Here's an explanation I have saved from a while back.

# Adding attributes on span creation is the most performant way
# to add attributes in general and should be the default choice
# when possible.
def a(arg)
  Tracer.in_span("a", attributes: { "arg" => arg }) {}
end 

# Sometimes we want to add an attribute to a span but
# we don't have it when we're creating the span.
# The span method `set_attribute` allows you set an attribute
# on an existing span.
# 
# Warning: As span mutation is thread safe, that means setting an attribute
# on an existing will hold a mutex lock.
def a
  Tracer.in_span("a") do |span|
    result = something_interesting
    span.set_attribute("result", result)
  end
end

# alternate form
def a
  Tracer.in_span("a") do |span|
    result = something_interesting
    span["result"] = result
  end
end

# Really bad
# Never do this as you're hitting a mutex lock for each call to set_attribute
def a
  Tracer.in_span("a") do |span|
    result = something_interesting
    span.set_attribute("a", result.a)
    span.set_attribute("b", result.b)
    span.set_attribute("c", result.c)
    span.set_attribute("d", result.d)
  end
end

# alternate form of really bad
def a
  Tracer.in_span("a") do |span|
    result = something_interesting
    span["a"] = result.a
    span["b"] = result.b
    span["c"] = result.c
    span["d"] = result.d
  end
end

# If we have a set of attributes only available after span creation.
# We're still hitting the mutex lock, but only once.
def a
  Tracer.in_span("a") do |span|
    result = something_interesting
    span.add_attributes({
      "a" => result.a,
      "b" => result.b,
      "c" => result.c,
      "d" => result.d,
    })
  end
end

I would retry to do some load tests with the various OTEL integration enabled and not (I will try to make them configurable via environment variables to avoid lot of code changes every time we want to toggle something)
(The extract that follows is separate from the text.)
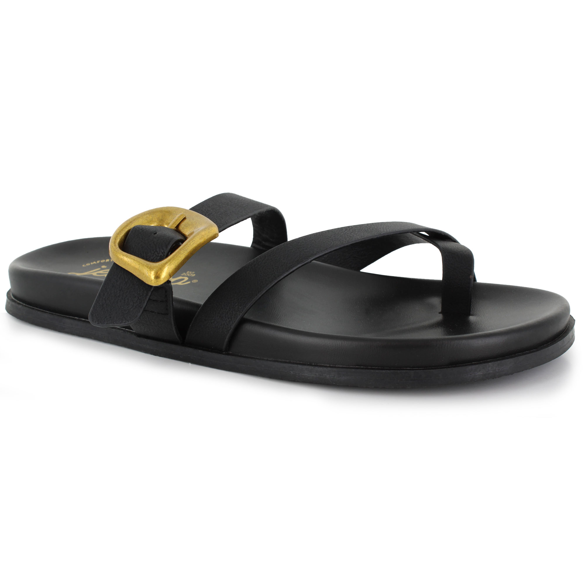 Meet your new favorite warm-weather staple: the Jellypop Finnian. This effortlessly cool sandal combines a minimalist toe-loop design with a polished gold buckle detail, instantly elevating your casual brunch or beach-day attire. Built with a focus on all-day wearability, the cushioned, supportive footbed provides the comfort you need. With its quick slip-on design and versatile aesthetic, the Finnian takes the guesswork out of getting ready.

Disabling by env var is supported by default. See -> https://github.com/open-telemetry/opentelemetry-ruby-contrib/blob/main/instrumentation/base/lib/opentelemetry/instrumentation/base.rb#L313-L327

Here's an example using Active Record.

ENV["OTEL_RUBY_INSTRUMENTATION_ACTIVERECORD_ENABLED"] = "false"

Also so far we don't set anything related to this issue #472 , could this be the cause ? (We do get a warning when the puma master process start, but from what i understood it should take care automatically of starting a new thread on each worker ?)

I'm using the default configuration here for all of our applications without issue. I think more investigation needs to be done before we can point at one particularly piece of code being responsible for the issue.

kedare commented

Thanks for the info.
We usually only put 1 attribute on the existing spans (sometime 2, never more) so it's unlikely to be related to this.

I will continue to investigate, so far it looks like I get better performances with those settings than the default ones

OTEL_BSP_MAX_EXPORT_BATCH_SIZE=2048
OTEL_BSP_MAX_QUEUE_SIZE=16384
OTEL_BSP_SCHEDULE_DELAY=2000
OTEL_RUBY_BSP_START_THREAD_ON_BOOT=false

But not yet tested in production where the biggest impact was

With thread boot set to false you'll need to flush the span buffer yourself using tracer provider force_flush.

This is best done either using either Rack's after_response or the Rack Events API.

For background workers you'll want to configure the options to force active job to do the same.

kedare commented

I think the thread boot to false just prevents it from working on the initial puma master no ?
I could properly get spans after having set it to false

👋 This issue has been marked as stale because it has been open with no activity. You can: comment on the issue or remove the stale label to hold stale off for a while, add the keep label to hold stale off permanently, or do nothing. If you do nothing this issue will be closed eventually by the stale bot.